As an Ambassador Scholar we are required to give 4-6 presentations to Rotary Clubs during our stay. Three days after landing in Durban I was up before my host club delivering my first presentation at 7AM in the morning. As graduate students at home, we’re given plenty of opportunities to stroke ourselves, even encouraged to do it. I’m still not quite comfortable with this but I go for it. I followed the recommended format I’d been given at my pre-departure orientation. My name, schooling, family, state, city, service interests, hobbies and work experience peppered with a few examples-what my city is known for, organizations I belong too, my love for rollerblading, my academic research interests…The Rotarians are polite, although I can’t tell whether they are impressed, bored or wondering why all that schooling-I keep asking myself that too.
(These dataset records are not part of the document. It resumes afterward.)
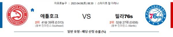 4월8일 NBA 애틀란타 필라델피아 해외농구분석 무료중계 스포츠분석
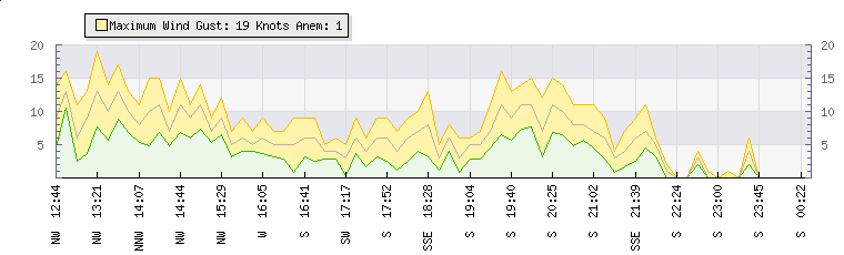 In the last few minutes the wind was Southerly at an average speed of 0 knots, reaching up to 0 knots and a low of 0 knots. The gust strength is0 knots above the minimum speed |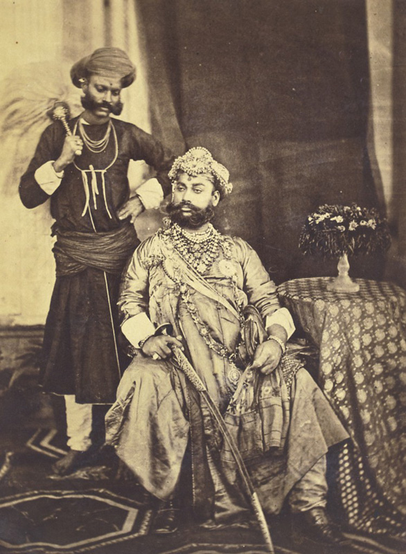 Sir Tukoji Rao Holkar II (1833 – 1877) The Maharaja of Indore who ruled between 1885 to 1886 and belonged to the Holkar Dynasty of the Marathas. This photograph with attendant was taken during Imperial Assemblage of 1877, popularly known as the Delhi durbar. Gelatin silver print, mounted 9.5 x 7 in. (24 x 17.8 cm.) Photographer: Bourne […]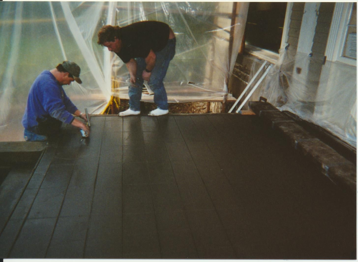 Photograph. 4 3/ 4 x 3 1/2 color. Schmidt House restoration done in December 2001. Photo by Vida Zvirzdys-Farler. Front view of house, porch reconstruction.
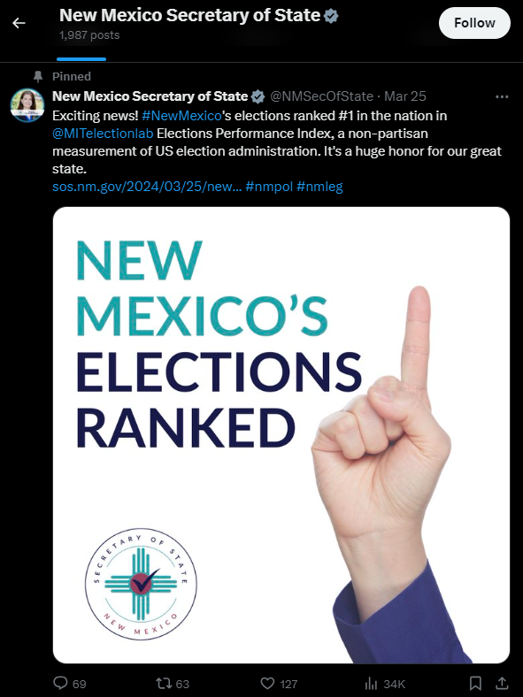 Rumor vs. Reality vs. Math ErrorsEverybody makes mistakes, but the audit report remains online without acknowledgement of the anomaly.The federal and state governments have a process for promoting the accuracy of elections through "rumor vs. reality" web pages on government web sites, such as https://www.sos.nm.gov/voting-and-elections/voter-information-portal-nmvote-org/rumor-vs-reality/. Accurate elections are considered "reality" and challenges to accurate elections are "rumor." The MIT Election Lab rates New Mexico as having the #1 election process https://elections.mit.edu/#/data/map?view=state-profile&state=NM&year=2022. Per social media post below, New Mexico is very proud of the endorsement from MIT.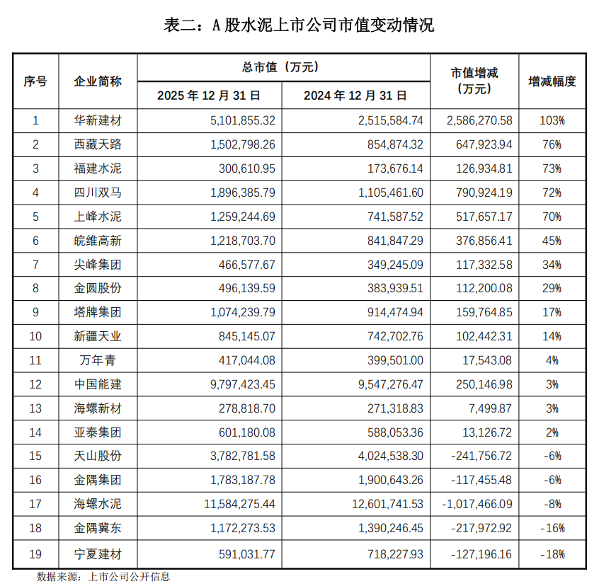 本文基于2024年12月31日至2025年12月31日的市值数据,结合年度行业政策、产能置换实践、企业海外布局进展,以及2026年即将落地的政策新规,解析市值变动规律及核心驱动逻辑,为行业观察与投资决策提供参考。

I end my presentation with the wallet fiasco, which is met with laughter and amazement, and open the floor for questions.
The US presidential campaign takes over the remainder of my presentation. The democratic candidacy is of primary interest-Super Tuesday had just passed. Unanimously everyone is rooting for Obama, the club members present this day are Indian, white, male and female. They want to know the pulse of our nation, what US citizens are concerned about, how do we feel about the war, and whether Obama will win? They believe Obama represents a more humane and trustworthy America as it relates to foreign policy. I provide my perspective on the pros and cons of Hillary Clinton and Barack Obama, we spend less than 2 minutes on the Republican front-runners.
Finally they want to know whom I am voting for, I explain my vote doesn’t come up for a few months and I am giving thoughtful consideration to the race. The assumption is that I am a Democratic, not one person asked my party affiliation. I am asked to call the race who will win the nomination, I say it will be a tight race so we should all keep a close watch. I am careful not to disclose my choice. Again I’m asked as a woman and a black American which candidate do I think best represents me? From a Feminist or even more a Womanist perspective I could have explained that race and gender are so intertwined for me, at home it is even difficult for researchers to dissect the two scientifically. I say both candidates have strengths I admire.
They won’t given up, one last query “Who would you put your money on?” I again manage to sidestep the question, I rattle something off about not being a gambler and as I’m about to be questioned again, one of the Rotarians reminds me my breakfast is getting cold and that I should sit down to eat. We only meet for an hour and my club is careful to be on task and on time.
After we depart, in the car headed to our next location, my landlord and soror, says you handled that well, very diplomatically, very diplomatically. I thank her and query about how she read the audience. She lets me know she was holding her breath when I announced that I was an "adventurous person" not sure what I would say to my audience, (patriarchal traditions are much stronger here, women a bit more passive) but she was able to breathe easy with the wallet story. She tells me she thinks it went well. In the company of a fellow American, in the car on the road, I am off duty.
The US presidential campaign takes over the remainder of my presentation. The democratic candidacy is of primary interest-Super Tuesday had just passed. Unanimously everyone is rooting for Obama, the club members present this day are Indian, white, male and female. They want to know the pulse of our nation, what US citizens are concerned about, how do we feel about the war, and whether Obama will win? They believe Obama represents a more humane and trustworthy America as it relates to foreign policy. I provide my perspective on the pros and cons of Hillary Clinton and Barack Obama, we spend less than 2 minutes on the Republican front-runners.
Finally they want to know whom I am voting for, I explain my vote doesn’t come up for a few months and I am giving thoughtful consideration to the race. The assumption is that I am a Democratic, not one person asked my party affiliation. I am asked to call the race who will win the nomination, I say it will be a tight race so we should all keep a close watch. I am careful not to disclose my choice. Again I’m asked as a woman and a black American which candidate do I think best represents me? From a Feminist or even more a Womanist perspective I could have explained that race and gender are so intertwined for me, at home it is even difficult for researchers to dissect the two scientifically. I say both candidates have strengths I admire.
They won’t given up, one last query “Who would you put your money on?” I again manage to sidestep the question, I rattle something off about not being a gambler and as I’m about to be questioned again, one of the Rotarians reminds me my breakfast is getting cold and that I should sit down to eat. We only meet for an hour and my club is careful to be on task and on time.
After we depart, in the car headed to our next location, my landlord and soror, says you handled that well, very diplomatically, very diplomatically. I thank her and query about how she read the audience. She lets me know she was holding her breath when I announced that I was an "adventurous person" not sure what I would say to my audience, (patriarchal traditions are much stronger here, women a bit more passive) but she was able to breathe easy with the wallet story. She tells me she thinks it went well. In the company of a fellow American, in the car on the road, I am off duty.